What to do
Only the lines below from the one that holds "Retailer | Criteo" through the one that holds "Samsung front-load washer" should appear in the answer, copied exactly, end lines included and pictures omitted.

───── Data excerpts

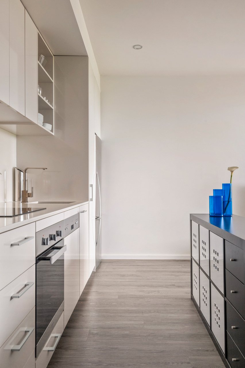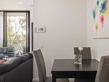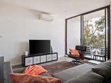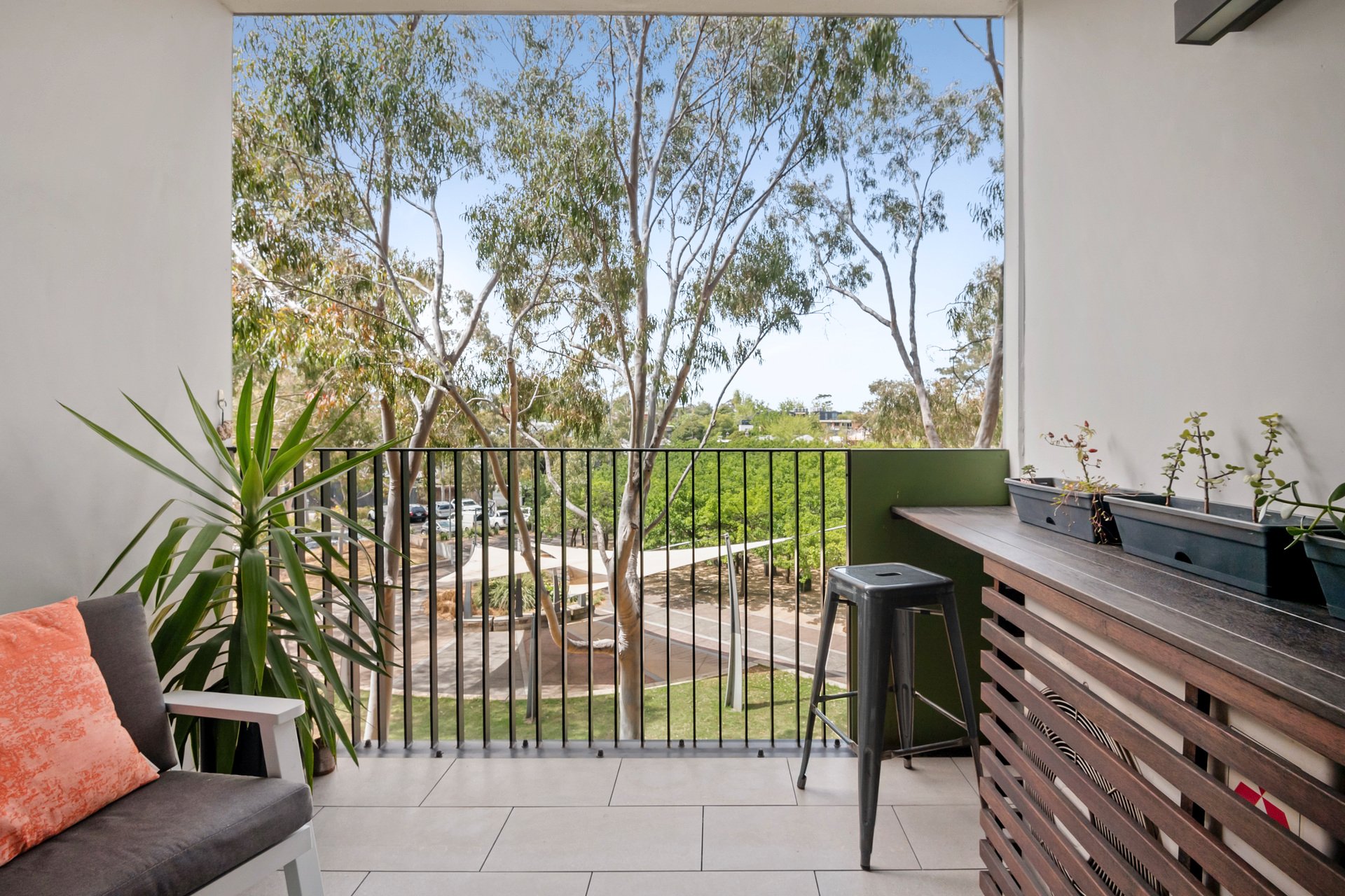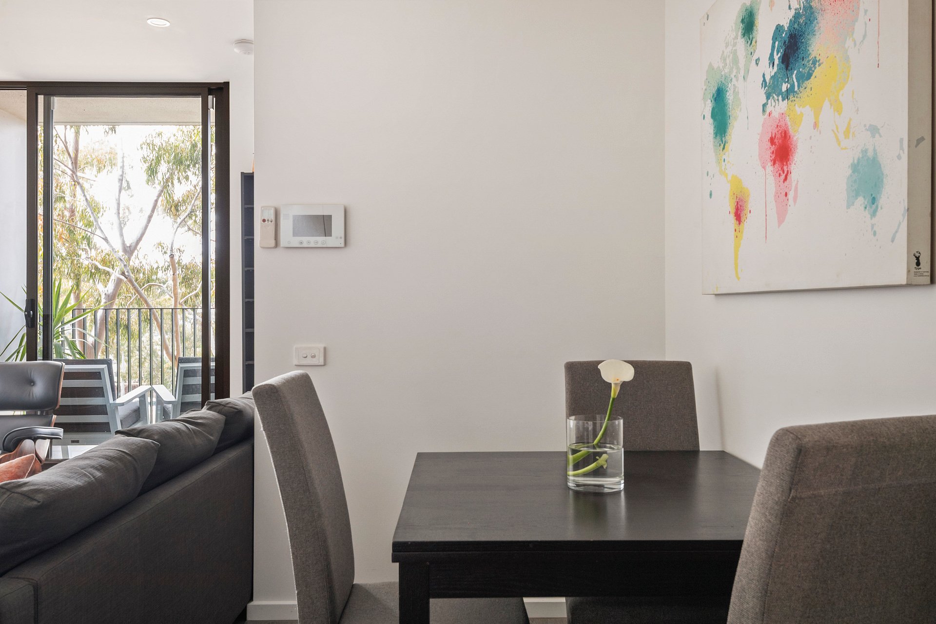 Bathed in natural light, the east-facing living area opens to a private balcony with a calming, green outlook. Floorboards run throughout the apartment, enhancing the sense of space and flow, while the well-appointed kitchen features a four-burner electric cooktop, dishwasher and ample storage, seamlessly connecting to the dining and living zones for easy everyday living.
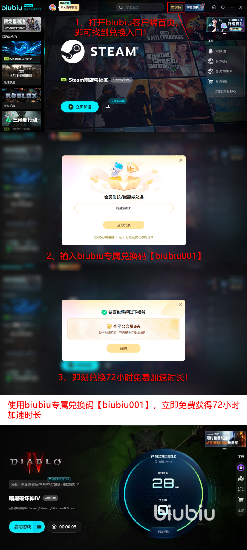 此应用在不断更新,无论是具体的技术还是福利方面都是非常别致的,为了降低用户的体验成本,针对所有新用户,全面开放24小时免费试用功能,所有新老玩家使用【biubiu001】口令即可获得72小时免费加速福利,所有新用户能够累积享受96小时免费服务。
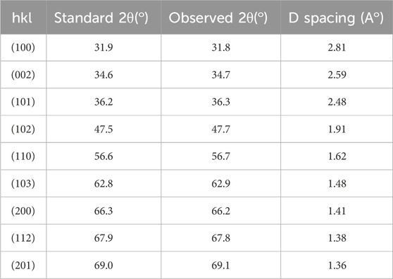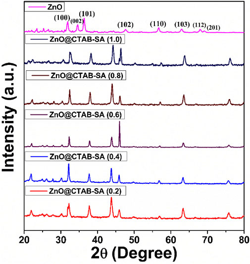 The PXRD pattern of the synthesized ZnO@CTAB-SA nanocomposites (Figure 2) exhibits characteristic diffraction peaks at 22.3°, 26.6°, 30.76°, and higher intensity peaks at 32.59°, 38.29°, 44.27°, 46°, and 50.26° on these peaks 32.59°, 38.29°, 44.27°, 46°, and 50.26°, which can be indexed to the (100), (002), (101), (102), and (110) planes these are stimulated with (JCPDS card no. 36-1,451) (Supramaniam et al., 2021). A comparison of standard and observed diffraction data is summarized in Table 2. Minor peak shifts and a decrease in relative intensity were observed in the composites, which may be attributed to lattice strain and the interaction between ZnO nanoparticles and the sodium alginate-CTAB polymer matrix. Additional peaks at lower angles (22.3°, 26.6°, 30.76°) are attributed to the polymeric components (Sodium alginate and CTAB) and possible amorphous organic residues. Similar features have been reported in polymer-based nanocomposites containing ZnO NPs (Li et al., 2018). Significant variations in peak intensities, such as the notably strong peak near 47o observed in ZnO@CTAB-SA (0.6) compared to the prevalent intensity near 44° in other samples, are attributed to differences in nanoparticle size distribution, morphology, and preferential orientation within the polymer matrix. These peaks do not correspond to ZnO or any impurity phases. The slight shifts and intensity variations of ZnO peaks are due to strain and strong interfacial interactions in the composite, typical of such systems. No other crystalline phases were detected, confirming the retained purity of the ZnO wurtzite structure in the composites.
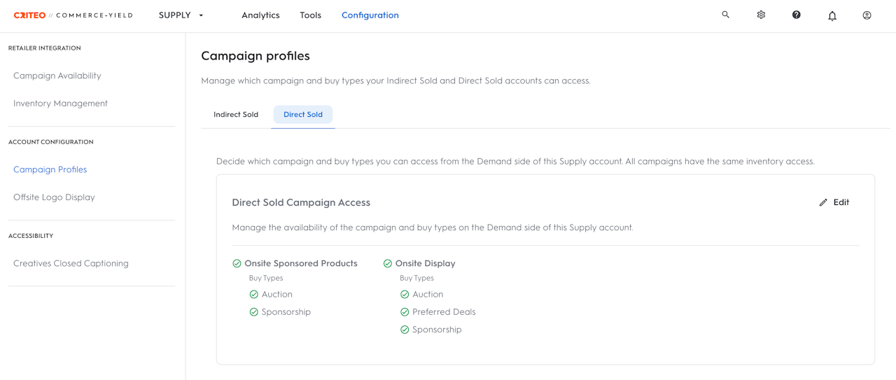 Retailer | Criteo and Retailer teams | When campaigns are managed by the retailer (or Criteo) | Indirect sold profile |
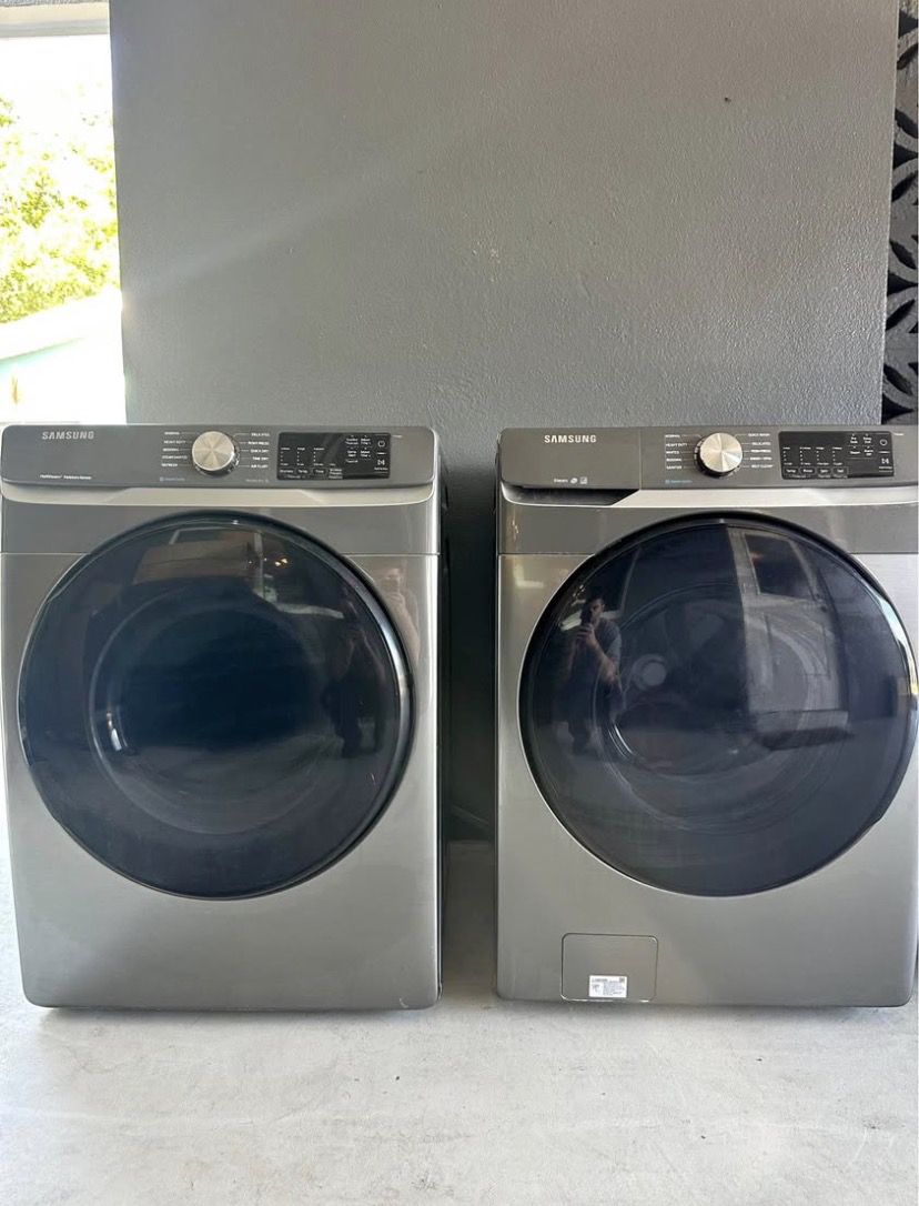 Samsung front-load washer and dryer set in great working condition. • Large capacity • Washer: Self Clean, Sanitize, Quick Wash • Dryer: MultiSteam, Moisture Sensor, Wrinkle Prevent • Modern graphite finish • Clean stainless steel drum • Digital display controls
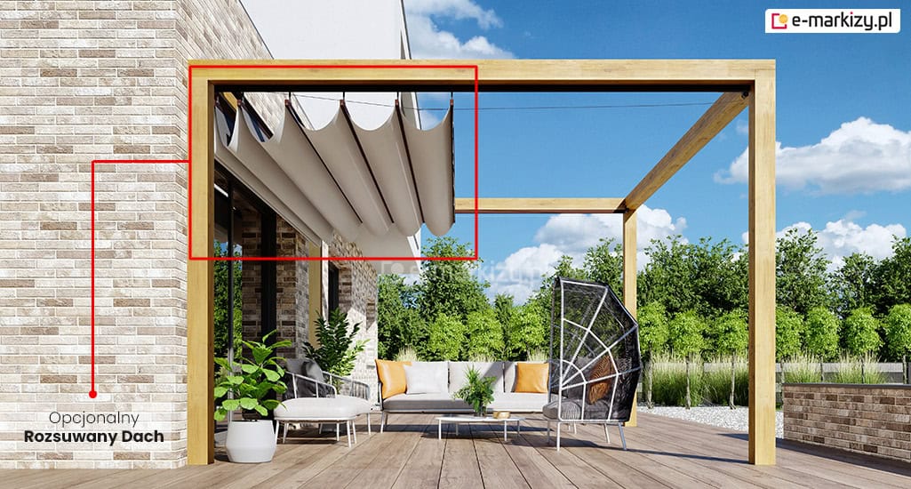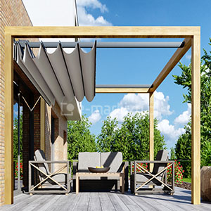 Dach poziomy rzymski Supro może być wykorzystany na gotowych konstrukcjach drewnianych poprzez podwieszenie na prowadnicach do boku lub dołu belki pergoli. Wiata tarasowa może posiadać dach sterowany manualnie lub automatycznie. Dach tkaninowy opiera się na systemie szyn dachowych (aluminiowych), w których poruszają się specjalne łożyskowane wózki tkaninowe. Tkanina zamocowana do belek przeciw-wietrznych, układa się w dekoracyjne fale.
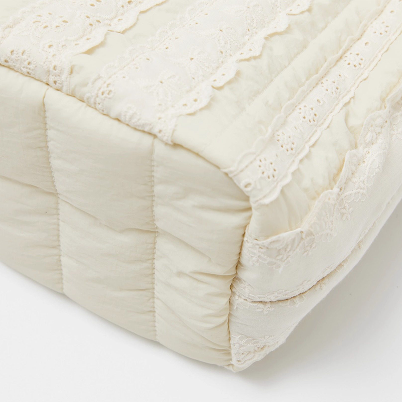 The polyester lace accent is selected for its durability and integrated as a design element, not just an appliqué. It is securely attached during the quilting process. While delicate in appearance, it is designed to withstand normal daily use. We recommend avoiding sharp snags or rough abrasion to preserve its beauty.
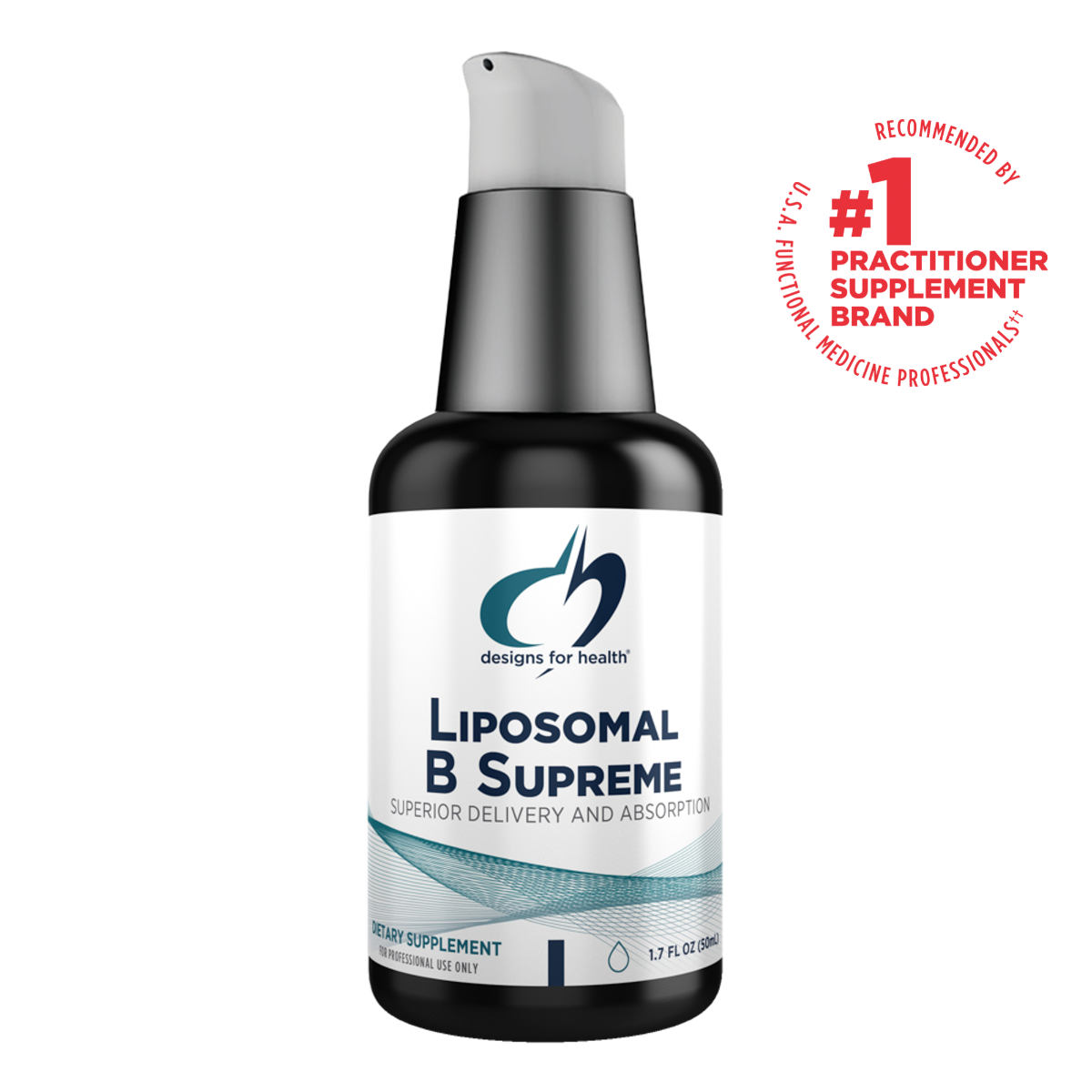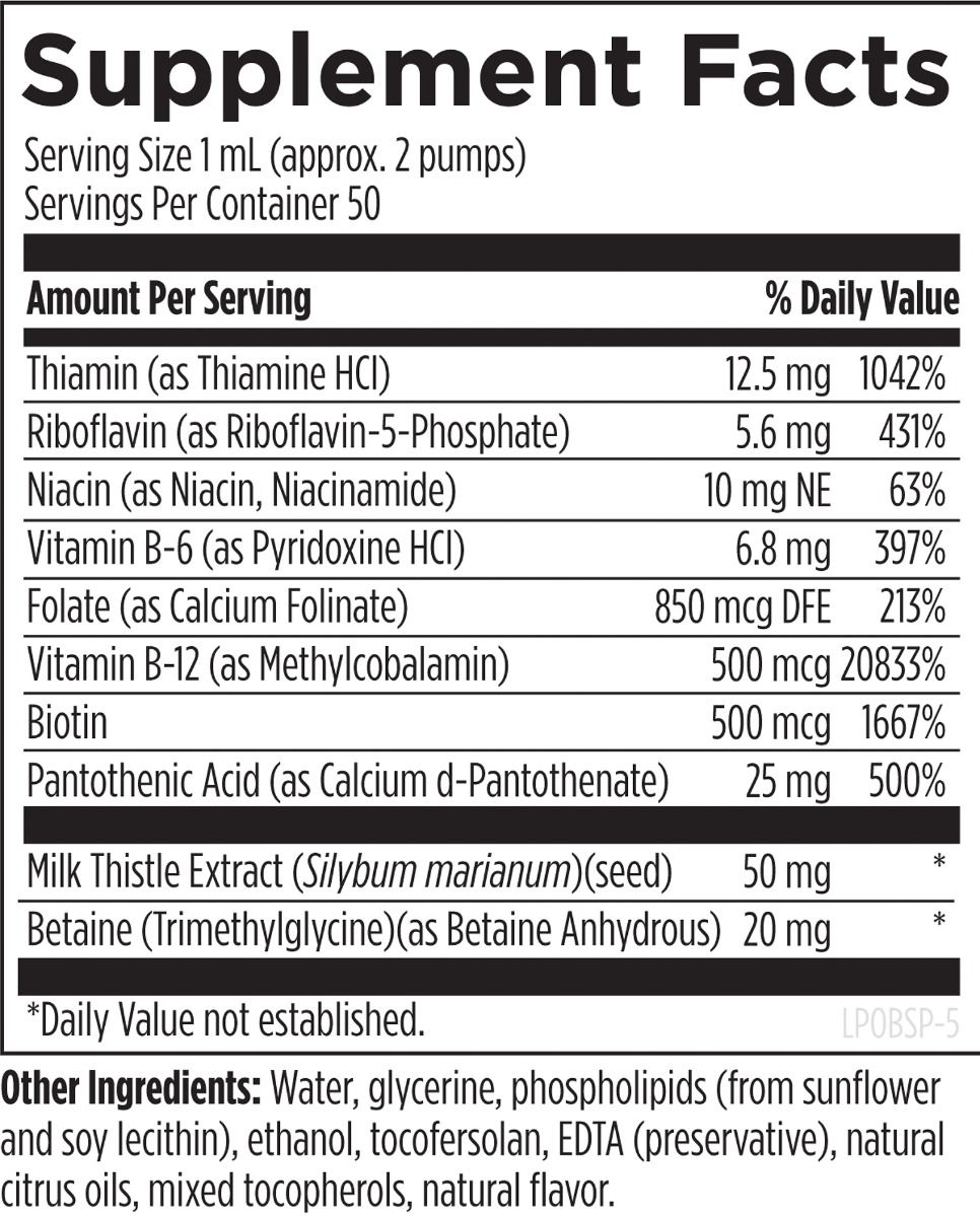 Liposomal B Supreme is an innovative B-complex product formulated with liposomal technology for optimal absorption and bioavailability. Each 1 mL serving (approximately 2 pumps) of this mildly citrus-flavored formula provides targeted amounts of the highly bioactive forms of thiamin, riboflavin, niacin, pantothenic acid, vitamin B6, folate, biotin, and vitamin B12. Betaine (trimethylglycine [TMG]) is included to support methylation. Milk thistle is also included to promote bile flow. Liposomes are spheres made of phospholipids that bond easily with cell membranes, facilitating superior intracellular nutrient delivery and absorption.
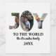 Uma alegria personalizada de três imagens de colagem ao mundo. Personalize com suas fotos, nome da família e ano Joy to the world, feliz Natal, tipografia, elegante, sagrado, moderno, religioso, cristão, xmas, inverno, cumprimentos de época, família, colagem de fotos, crie seu
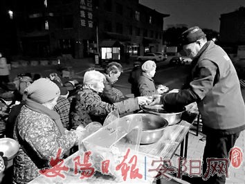 本报讯 (记者 高 咪)文峰汇十二府的爱心粥屋只是爱心粥的一个缩影,每年腊八节当天,全市范围内的爱心奉粥公益活动都会如期举行。如今,我市爱心施粥队伍已发展壮大,有上万名志愿者参与、32家奉粥点同时送粥。参与群体包括,安阳辛大侠爱心家园、安阳厚義公益、安阳殷都区义工联合会、安阳公益免费爱心粥屋等公益组织以及人民网河南频道、新华网河南频道、大河网、安阳网等50多家新闻媒体和商业网站。
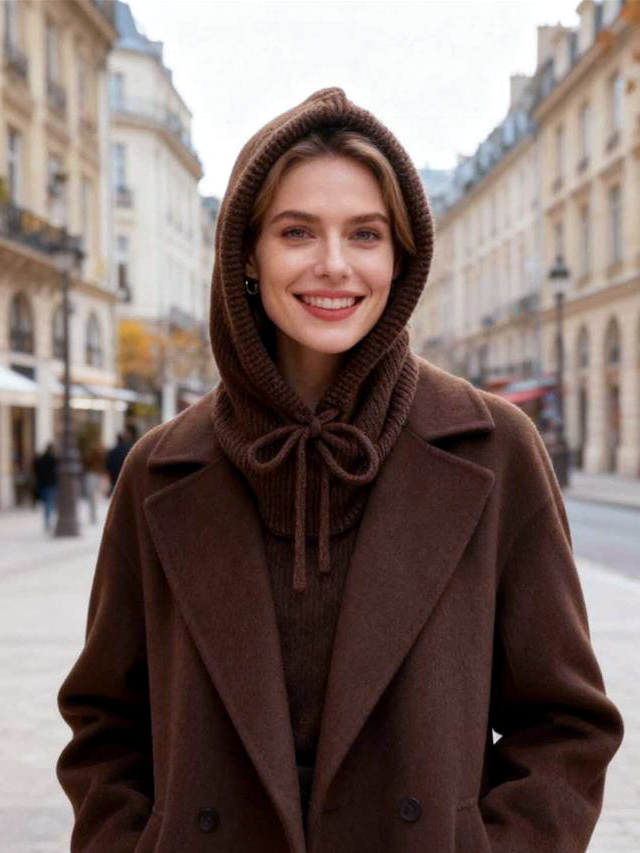 Pletená kapucňa so šnúrkou. Ideálny kúsok ku kabátu, alebo bunde, ktoré nemajú kapucňu.
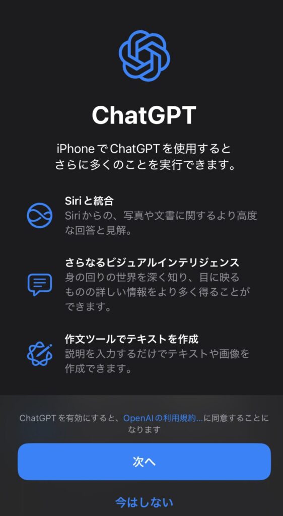 Apple側が勝手にデータを送信することはなく、「必要なときだけChatGPTを呼び出す」という設計になっています。
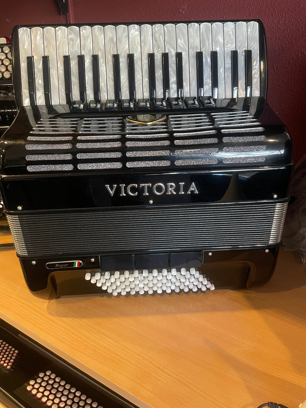 De Victoria Super is een uitvoering die zo compact is als een 72 basser. Deze kleine accordeon gedraagt zich als een grote. Zeer geschikt voor mensen die veel klankkleuren in een kleine accordeon zoeken.
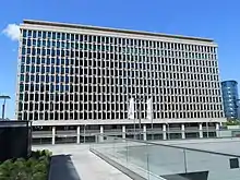 In 1878, the Crédit Communal established its head office at the corner of rue de Ligne and rue de la Banque in central Brussels, next to the then newly finished building of the National Bank of Belgium. That building was eventually demolished and replaced in the 1970s by a complex designed by prominent architect Marcel Lambrichs, presenting a neoclassical stone-faced front towards the National Bank and modern curtain-wall façades on the other sides.[4][5]
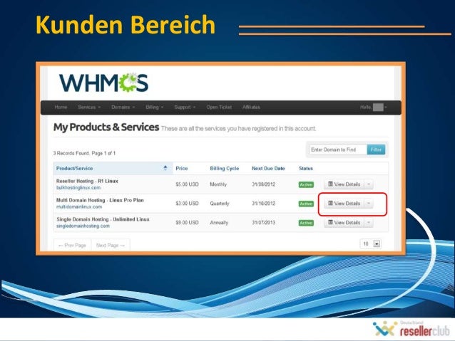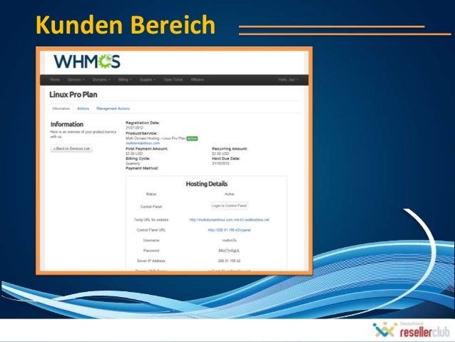 2. 2. Was ist WHMCS?WHMCS ist ein all-in-one KundenVerwaltung, Rechnung & Support Lösungfür Online Geschäfte.Jedes Geschäft mit einem Bedürfnis nachder Online-Abrechnung, besondersDienstleistungen oder Mitgliedschaft einerwiederkehrenden Natur kann diese Lösungverwenden.Das kann als ein eigenständiges Portalfunktionieren oder kann in einervorhandene Website integriert werden.Bekommen Sie nahtlose Integration vonZahlungs- Gateways, APIs, Domain Registrationusw.

──────────

The completed task
 Retailer | Criteo and Retailer teams | When campaigns are managed by the retailer (or Criteo) | Indirect sold profile |
 Samsung front-load washer and dryer set in great working condition. • Large capacity • Washer: Self Clean, Sanitize, Quick Wash • Dryer: MultiSteam, Moisture Sensor, Wrinkle Prevent • Modern graphite finish • Clean stainless steel drum • Digital display controls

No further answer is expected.